-- THE TASK --
Please reproduce the records exactly, leaving out any pictures.
(SUPPLIED DATA Opens)
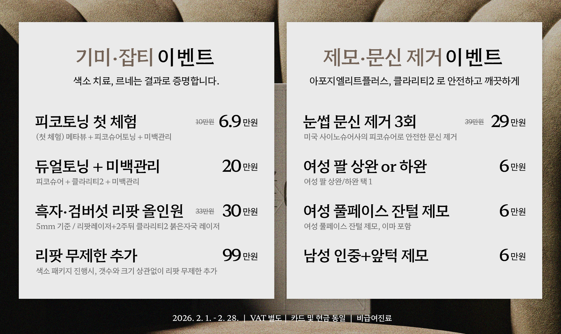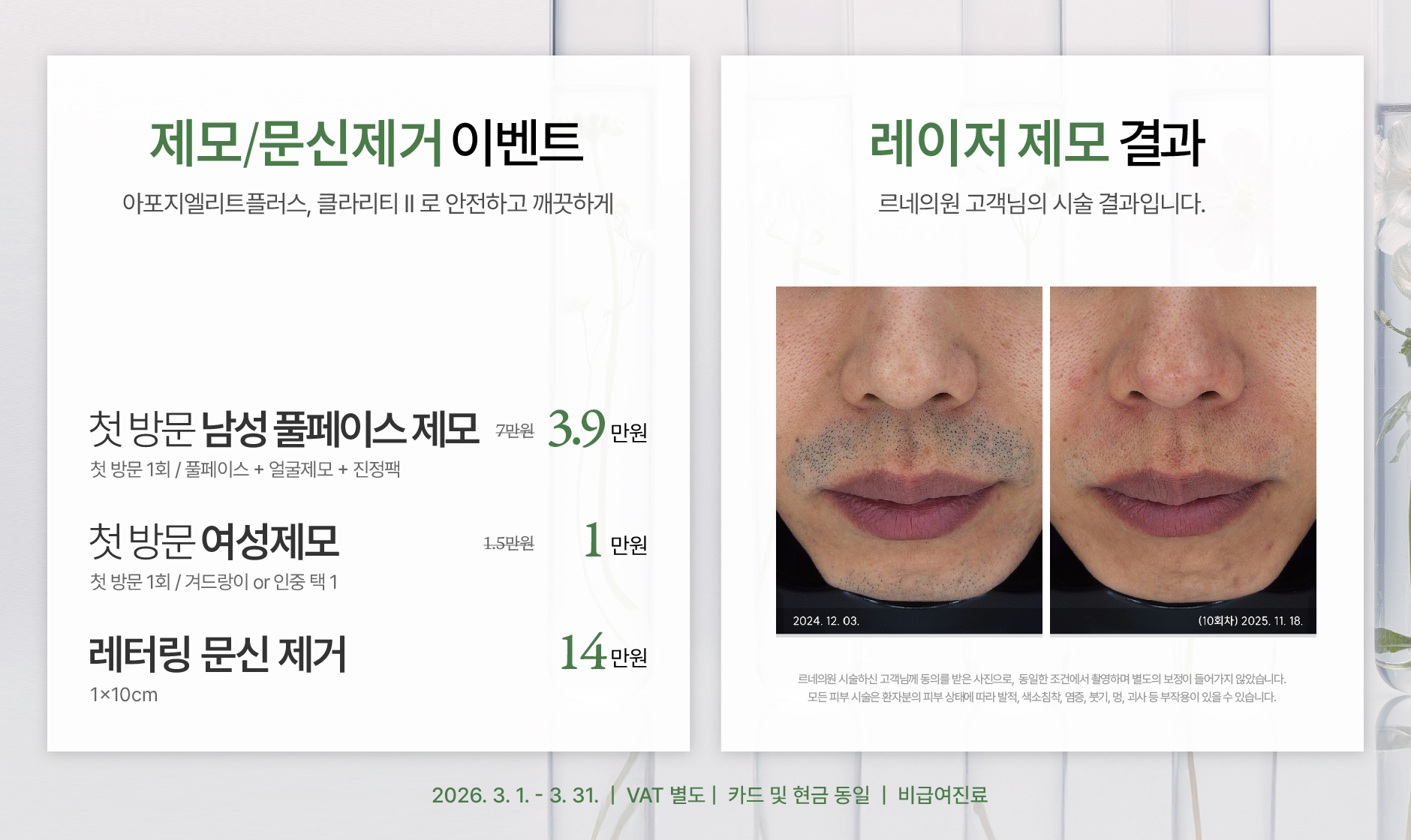 모든 피부 시술은 환자분의 피부 상태에 따라 발적, 색소침착, 염증, 붓기 등의 부작용이 있을 수 있으며,
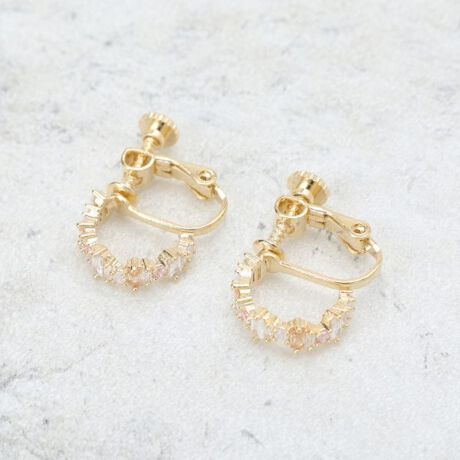 華やかなビジューを使用したねじ式イヤリングは、ほんのり色づいたビジューが美しく輝き、耳元に上品な印象を与えます。
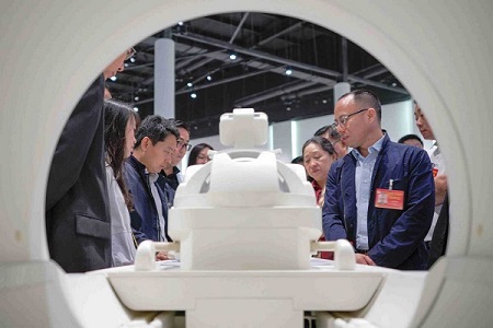 Visitors check out medical equipment during an exhibition in Guiyang, Guizhou province. HE JUNYI/CHINA NEWS SERVICE
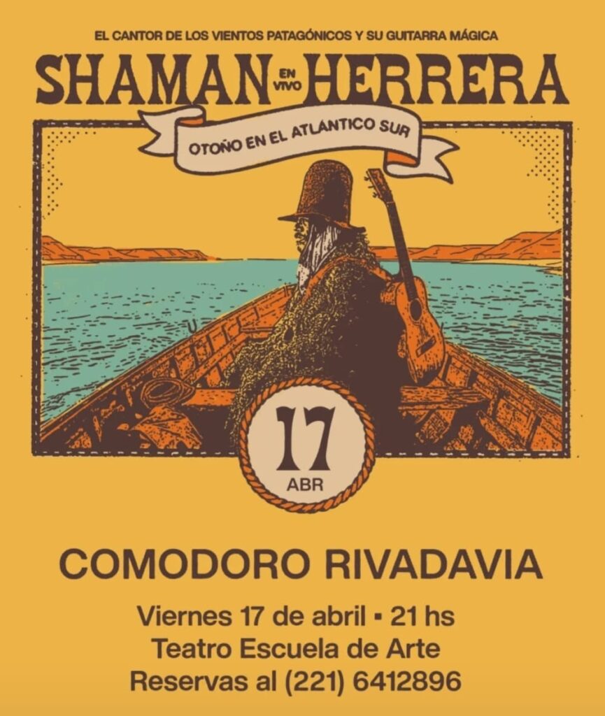 – En el teatro de la Escuela de Arte, a partir de las 21:00, se presenta Shaman Herrera, el cantor de los vientos patagónicos y su guitarra mágica, en medio de su gira “Otoño en el Atlántico Sur”. Reservas al 221-6412896. El sábado toca en Puerto Madryn.
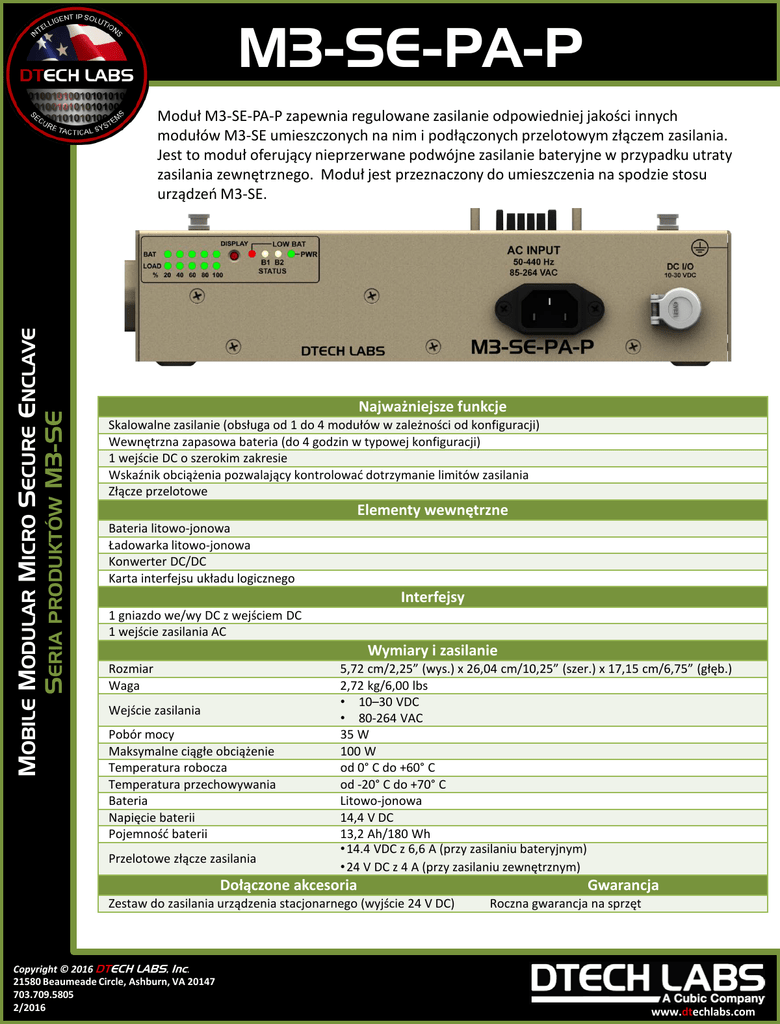 M3-SE-PA-P MOBILE MODULAR MICRO SECURE ENCLAVE SERIA PRODUKTÓW M3-SE Moduł M3-SE-PA-P zapewnia regulowane zasilanie odpowiedniej jakości innych modułów M3-SE umieszczonych na nim i podłączonych przelotowym złączem zasilania. Jest to moduł oferujący nieprzerwane podwójne zasilanie bateryjne w przypadku utraty zasilania zewnętrznego. Moduł jest przeznaczony do umieszczenia na spodzie stosu urządzeń M3-SE. Najważniejsze funkcje Skalowalne zasilanie (obsługa od 1 do 4 modułów w zależności od konfiguracji) Wewnętrzna zapasowa bateria (do 4 godzin w typowej konfiguracji) 1 wejście DC o szerokim zakresie Wskaźnik obciążenia pozwalający kontrolować dotrzymanie limitów zasilania Złącze przelotowe Bateria litowo-jonowa Ładowarka litowo-jonowa Konwerter DC/DC Karta interfejsu układu logicznego Elementy wewnętrzne Interfejsy 1 gniazdo we/wy DC z wejściem DC 1 wejście zasilania AC Rozmiar Waga Wejście zasilania Pobór mocy Maksymalne ciągłe obciążenie Temperatura robocza Temperatura przechowywania Bateria Napięcie baterii Pojemność baterii Przelotowe złącze zasilania Wymiary i zasilanie 5,72 cm/2,25” (wys.) x 26,04 cm/10,25” (szer.) x 17,15 cm/6,75” (głęb.) 2,72 kg/6,00 lbs • 10–30 VDC • 80-264 VAC 35 W 100 W od 0° C do +60° C od -20° C do +70° C Litowo-jonowa 14,4 V DC 13,2 Ah/180 Wh • 14.4 VDC z 6,6 A (przy zasilaniu bateryjnym) • 24 V DC z 4 A (przy zasilaniu zewnętrznym) Dołączone akcesoria Zestaw do zasilania urządzenia stacjonarnego (wyjście 24 V DC) Copyright © 2016 DTECH LABS, Inc. 21580 Beaumeade Circle, Ashburn, VA 20147 703.709.5805 2/2016 Gwarancja Roczna gwarancja na sprzęt www.dtechlabs.com
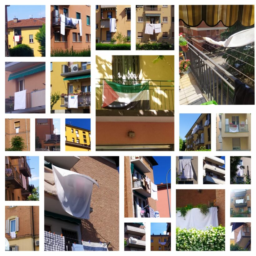 Anche a Bologna molte case hanno appeso alle finestre delle lenzuola bianche per protestare contro la violenza dell’esercito israeliano a Gaza. Un reportage fotografico dal Quartiere San Donato di Bologna realizzato da Renata Vitiello.
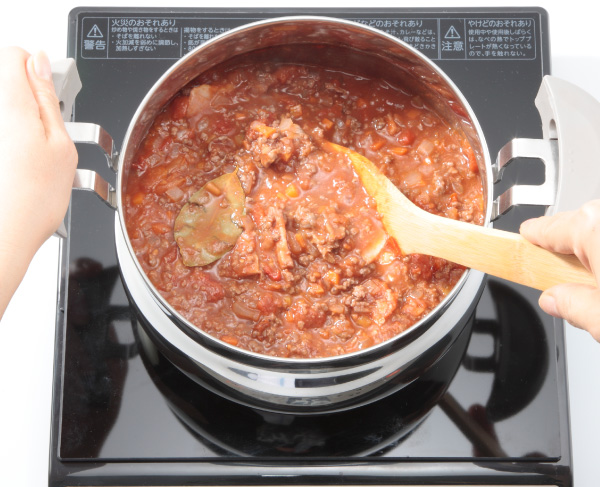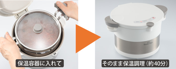 調理鍋を火から下し、保温容器にセットして約40分保温する。
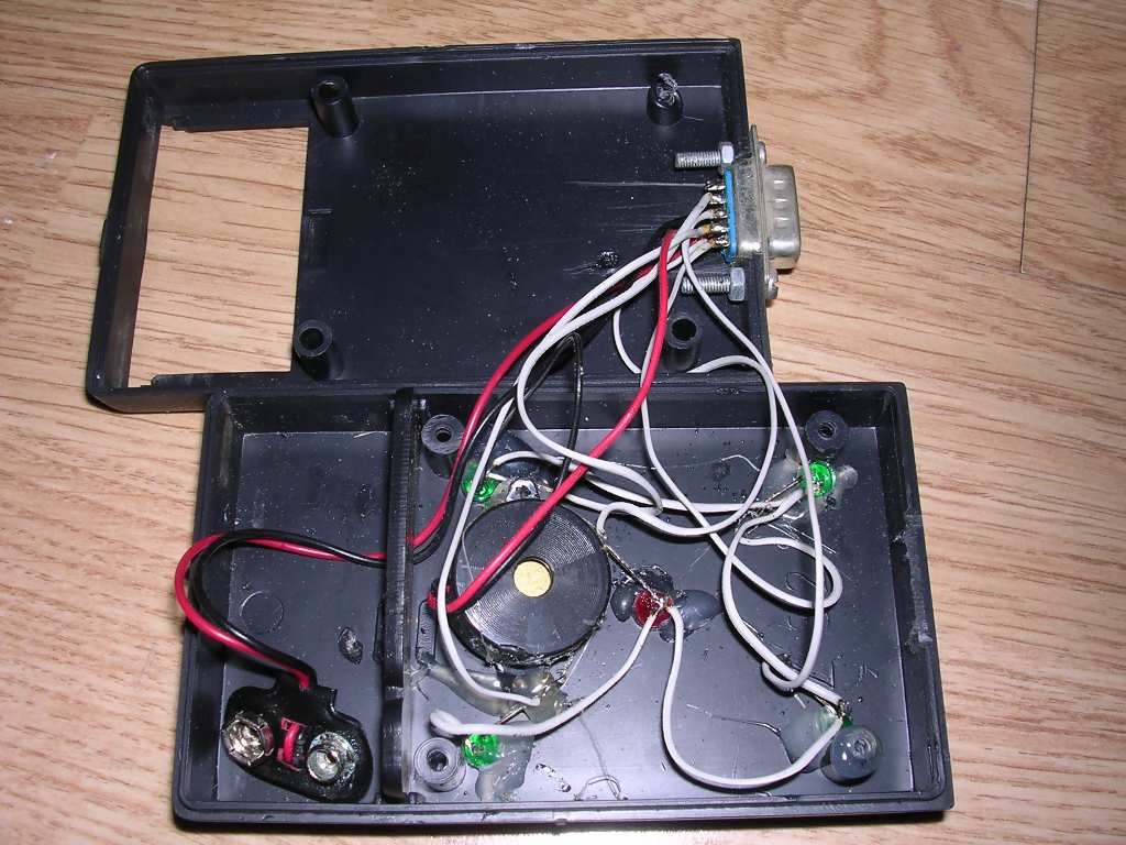 Simple joystick tester: It requires 9V 6F22 battery to run, and after connecting joystick it lights a LED for each direction and fire. Every time the joystick's contacts are shorted appropriate LED lights up and buzzer emits sound.
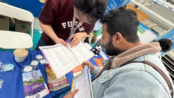 “早上已经回办公室补充了一次宣介材料,估计下午还得再补一次。”复旦大学外国留学生工作处的老师表示,与线上渠道相比,现场面对面沟通效率更高信息传递更为直观,后续有任何疑问同学们也可通过宣传材料上的联系方式进一步咨询。恰逢复旦大学建校120周年,本次展会也是学校服务上海建设具有全球影响力的社会主义现代化国际大都市的实践。
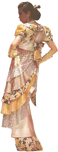 意謂把眾生都「度」空!下身的斜型弧度搶眼但含蓄,不是一定的排法,和諧而有韻味,女性氣質表露無遺。上身的布面交錯,剪接配合得當。泡袖的設計高貴,袖口的位置恰到好處。上下身的中空部份鑲珠鍊,優雅而婉約,喚起女性天生的女性美,雍容雅致,有母儀天下的尊貴。
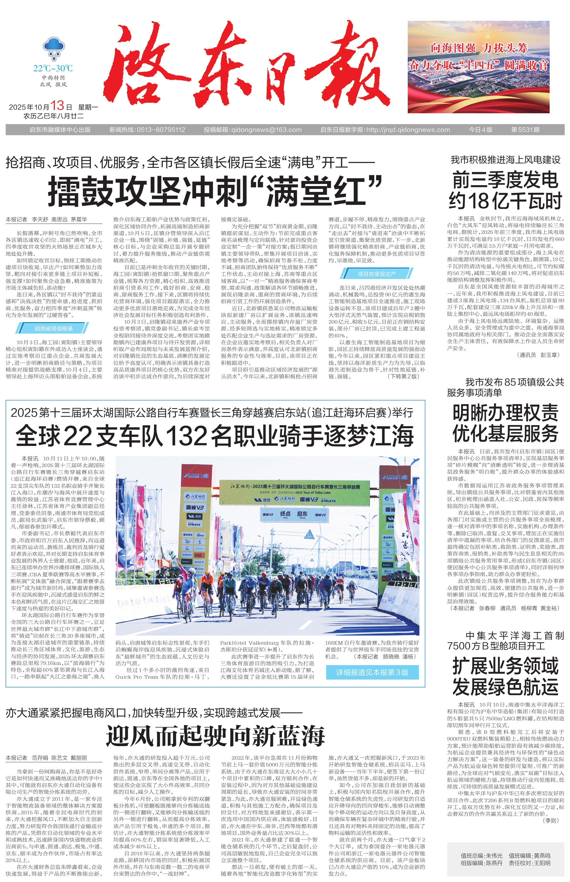 环太湖国际公路自行车赛作为享誉全国的三大公路自行车环赛之一,立足世界最大城市群“长江中下游城市群”,将“骑迹”印刻在长三角20多座城市,成为连接太湖沿途城市的重要链条,持续推动长三角区域体育、文化、旅游、生态与经济的协同发展。2025环太湖赛启东赛段总里程79.16km,以“滨海骑行”为特色,全程超60%紧邻黄海与长江入海口,一路串联起“大江之委海之端”、渔人码头、启唐城等启东标志性景观。车手们沿蜿蜒海岸线迎风疾驰,沉浸式体验启东“最鲜城市”的生态底蕴、人文历史与活力气质。
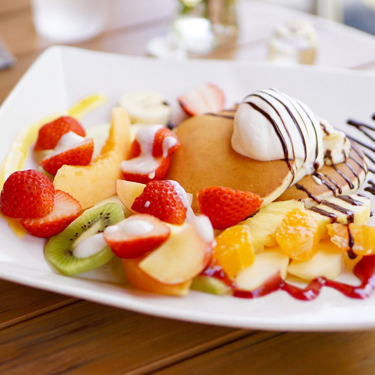 フルーツ盛り盛り、パンケーキふわふわでフルーツ好きにはたまりません。先日全国区のテレビでガレッジセールさんが食レポされてました。
(SUPPLIED DATA Closes)
-- OUTPUT --
 모든 피부 시술은 환자분의 피부 상태에 따라 발적, 색소침착, 염증, 붓기 등의 부작용이 있을 수 있으며,
 華やかなビジューを使用したねじ式イヤリングは、ほんのり色づいたビジューが美しく輝き、耳元に上品な印象を与えます。
 Visitors check out medical equipment during an exhibition in Guiyang, Guizhou province. HE JUNYI/CHINA NEWS SERVICE
 – En el teatro de la Escuela de Arte, a partir de las 21:00, se presenta Shaman Herrera, el cantor de los vientos patagónicos y su guitarra mágica, en medio de su gira “Otoño en el Atlántico Sur”. Reservas al 221-6412896. El sábado toca en Puerto Madryn.
 M3-SE-PA-P MOBILE MODULAR MICRO SECURE ENCLAVE SERIA PRODUKTÓW M3-SE Moduł M3-SE-PA-P zapewnia regulowane zasilanie odpowiedniej jakości innych modułów M3-SE umieszczonych na nim i podłączonych przelotowym złączem zasilania. Jest to moduł oferujący nieprzerwane podwójne zasilanie bateryjne w przypadku utraty zasilania zewnętrznego. Moduł jest przeznaczony do umieszczenia na spodzie stosu urządzeń M3-SE. Najważniejsze funkcje Skalowalne zasilanie (obsługa od 1 do 4 modułów w zależności od konfiguracji) Wewnętrzna zapasowa bateria (do 4 godzin w typowej konfiguracji) 1 wejście DC o szerokim zakresie Wskaźnik obciążenia pozwalający kontrolować dotrzymanie limitów zasilania Złącze przelotowe Bateria litowo-jonowa Ładowarka litowo-jonowa Konwerter DC/DC Karta interfejsu układu logicznego Elementy wewnętrzne Interfejsy 1 gniazdo we/wy DC z wejściem DC 1 wejście zasilania AC Rozmiar Waga Wejście zasilania Pobór mocy Maksymalne ciągłe obciążenie Temperatura robocza Temperatura przechowywania Bateria Napięcie baterii Pojemność baterii Przelotowe złącze zasilania Wymiary i zasilanie 5,72 cm/2,25” (wys.) x 26,04 cm/10,25” (szer.) x 17,15 cm/6,75” (głęb.) 2,72 kg/6,00 lbs • 10–30 VDC • 80-264 VAC 35 W 100 W od 0° C do +60° C od -20° C do +70° C Litowo-jonowa 14,4 V DC 13,2 Ah/180 Wh • 14.4 VDC z 6,6 A (przy zasilaniu bateryjnym) • 24 V DC z 4 A (przy zasilaniu zewnętrznym) Dołączone akcesoria Zestaw do zasilania urządzenia stacjonarnego (wyjście 24 V DC) Copyright © 2016 DTECH LABS, Inc. 21580 Beaumeade Circle, Ashburn, VA 20147 703.709.5805 2/2016 Gwarancja Roczna gwarancja na sprzęt www.dtechlabs.com
 Anche a Bologna molte case hanno appeso alle finestre delle lenzuola bianche per protestare contro la violenza dell’esercito israeliano a Gaza. Un reportage fotografico dal Quartiere San Donato di Bologna realizzato da Renata Vitiello.
 調理鍋を火から下し、保温容器にセットして約40分保温する。
 Simple joystick tester: It requires 9V 6F22 battery to run, and after connecting joystick it lights a LED for each direction and fire. Every time the joystick's contacts are shorted appropriate LED lights up and buzzer emits sound.
 “早上已经回办公室补充了一次宣介材料,估计下午还得再补一次。”复旦大学外国留学生工作处的老师表示,与线上渠道相比,现场面对面沟通效率更高信息传递更为直观,后续有任何疑问同学们也可通过宣传材料上的联系方式进一步咨询。恰逢复旦大学建校120周年,本次展会也是学校服务上海建设具有全球影响力的社会主义现代化国际大都市的实践。
 意謂把眾生都「度」空!下身的斜型弧度搶眼但含蓄,不是一定的排法,和諧而有韻味,女性氣質表露無遺。上身的布面交錯,剪接配合得當。泡袖的設計高貴,袖口的位置恰到好處。上下身的中空部份鑲珠鍊,優雅而婉約,喚起女性天生的女性美,雍容雅致,有母儀天下的尊貴。
 环太湖国际公路自行车赛作为享誉全国的三大公路自行车环赛之一,立足世界最大城市群“长江中下游城市群”,将“骑迹”印刻在长三角20多座城市,成为连接太湖沿途城市的重要链条,持续推动长三角区域体育、文化、旅游、生态与经济的协同发展。2025环太湖赛启东赛段总里程79.16km,以“滨海骑行”为特色,全程超60%紧邻黄海与长江入海口,一路串联起“大江之委海之端”、渔人码头、启唐城等启东标志性景观。车手们沿蜿蜒海岸线迎风疾驰,沉浸式体验启东“最鲜城市”的生态底蕴、人文历史与活力气质。
 フルーツ盛り盛り、パンケーキふわふわでフルーツ好きにはたまりません。先日全国区のテレビでガレッジセールさんが食レポされてました。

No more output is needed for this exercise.